Determination of p53 status by immunostaining

p53 immunostaining on tumour sections should be interpreted with cautious, as commonly available p53 antibodies can detect some p53 isoforms, but do not identify them specifically (Table 1). The mouse monoclonal antibodies DO-1 and DO-7 recognise p53, p53β and p53γ, but not the other p53 isoforms. The rabbit or sheep polyclonal p53 antibodies (CM1, SaPu, respectively) raised against recombinant full-length human p53 protein recognise all p53 isoforms, although Δ133p53β and Δ133p53γ are weakly revealed by polyclonal antibodies as these isoforms have lost most immunogenic domains of p53. The mouse monoclonal antibody, 1801, can reveal specifically most p53 isoforms except Δ133p53, Δ133p53β and Δ133p53γ. The mouse monoclonal antibody DO-12 has a weak affinity for p53 and requires a long exposure to reveal p53 isoforms. However, DO-12 is particularly efficient to immunoprecipitate Δ133p53, Δ133p53β and Δ133p53γ isoforms, which can be revealed by CM1 rabbit polyclonal antibody. The 421 mouse monoclonal antibody has also a low affinity for p53 mostly, because its epitope can be heavily modified by phosphorylations, ubiquitinylation, acetylation, methylation and neddylation. Although the 421 epitope is present in Δ40p53 and Δ133p53 isoforms, we have never been able to detect these isoforms using the 421 antibody. The rabbit polyclonal KJC8 antibody is specific of p53β isoforms and can be used in paraffin-embedded tissue. Novel specific p53 isoforms antibodies are being generated and will allow a clear identification of the p53 isoforms in the near future.

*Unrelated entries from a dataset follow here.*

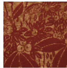
4241-05 VETIVER - EPICE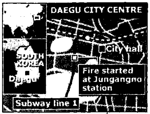
Figure 2: location of the fire in the city of Daegu, 3<sup>t</sup> town agglomeration of Korea

The accident took place on the 18<sup>th</sup> of February 2003, close to 10 a.m., at the level of the Jungangno station of line 1 linking Daegu Si to Jung Gu Namil Dong (see figure 2), comprising 30 stations in total.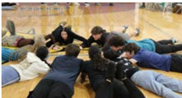
Above: Attendees at the Fall TALK event participate in an activity that supports team bonding.

TALK is a student-led event that focuses on the mental health of our student body. The fall event, which was held on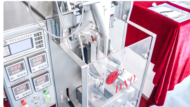
Automatic equipment for packing powders and granules into plastic bags in pharmaceutical...

Pharmaceutical Packaging • 18.09.2020 • 4.570K views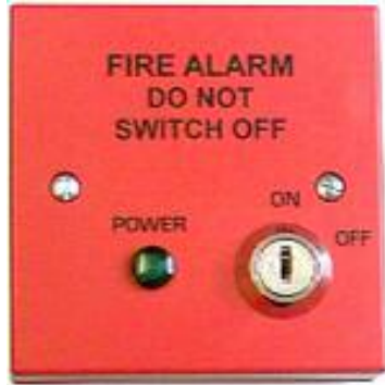
Order Code 400-210R (RED) Order Code 400-210W (White)

Mains voltage isolation switch suitable for use with fire alarm systems. Secure lockswitch (authorised person only) 4A Double pole switch. See BS5839 Pt.1 2002 section 29.2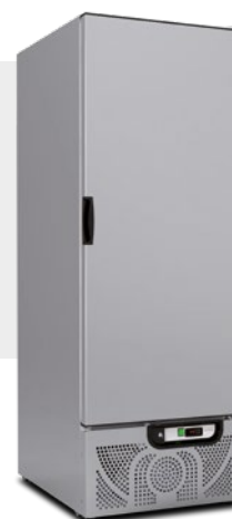
CHEF 600 PX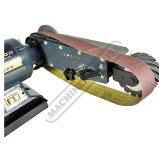
Quick Release Belt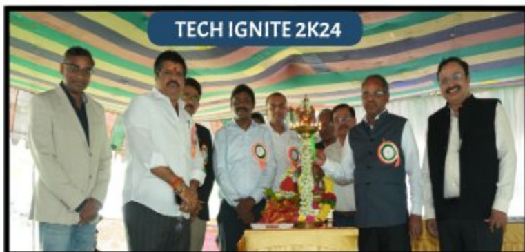
TECH IGNITE 2K24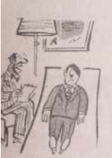
Well at least I have topped you thinking you were Napoleon."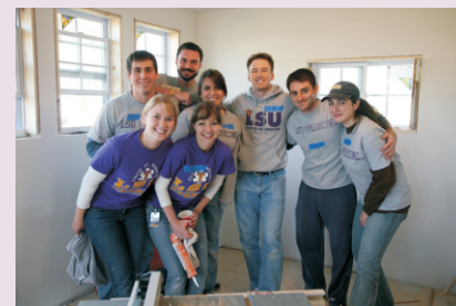
At the MTV house

Twenty of our medical students got an early start on inauguration day, swinging hammers, hanging Sheetrock, insulating, and operating power tools as they worked to rebuild two houses lost to Katrina. Part of the St. Bernard Project's 24-Hour "Rebuild the Dream" build, they started at 4:00 a.m.

Table 1 p53 isoform-specific antibodies

p53 isoforms have different subcellular localisations. Therefore, the use of a panel of p53 antibodies in immunohistochemistry can give different staining patterns for p53 in a same tumour sample. It would be interesting to investigate whether some p53 subcellular localisation can be associated with clinical markers. To have a better understanding of p53 immunostaining, it should be completed by RT-PCR analysis to determine p53 isoform mRNA expression in tumours.

Detection of p53 isoform expression by RT-PCR requires high-quality RNA. As RNAs are rapidly degraded in tissue in absence of blood supply (half-life of 15 min), RNAs have to be extracted immediately after biopsies or after surgical resection or on tumour samples nitrogen-frozen immediately after surgical resection. After purification, only total RNA extracts presenting a suitable ratio 28S/18S1.5 should be used for RT-PCR to determine p53 isoform expression in tumours. Such RNA quality is very difficult to obtain from paraffin-embedded tumour section as paraffin treatment destroys low abundant mRNA. Therefore, it is not recommended to use paraffin-embedded sections as source of RNA for RT-PCR of p53 isoform.

Therefore, determination of p53 status in clinical studies is much more complex than hitherto appreciated. It suggests that it requires an integrated and complex analysis of p53 isoform expressions associated with p53 mutation analysis and immunohistochemistry. To date, no clinical studies have integrated all those p53 parameters to determine p53 status. Several clinical studies attempted to establish p53 status by analysing p53 target gene expression either by immunostaining or RNA microarray. Unfortunately, there are no established gene or protein markers of p53 functional activity yet. However, one can expect that future studies will be able to identify some. It would simplify greatly the determination of p53 status in tumours and help to diagnosis and cancer treatment.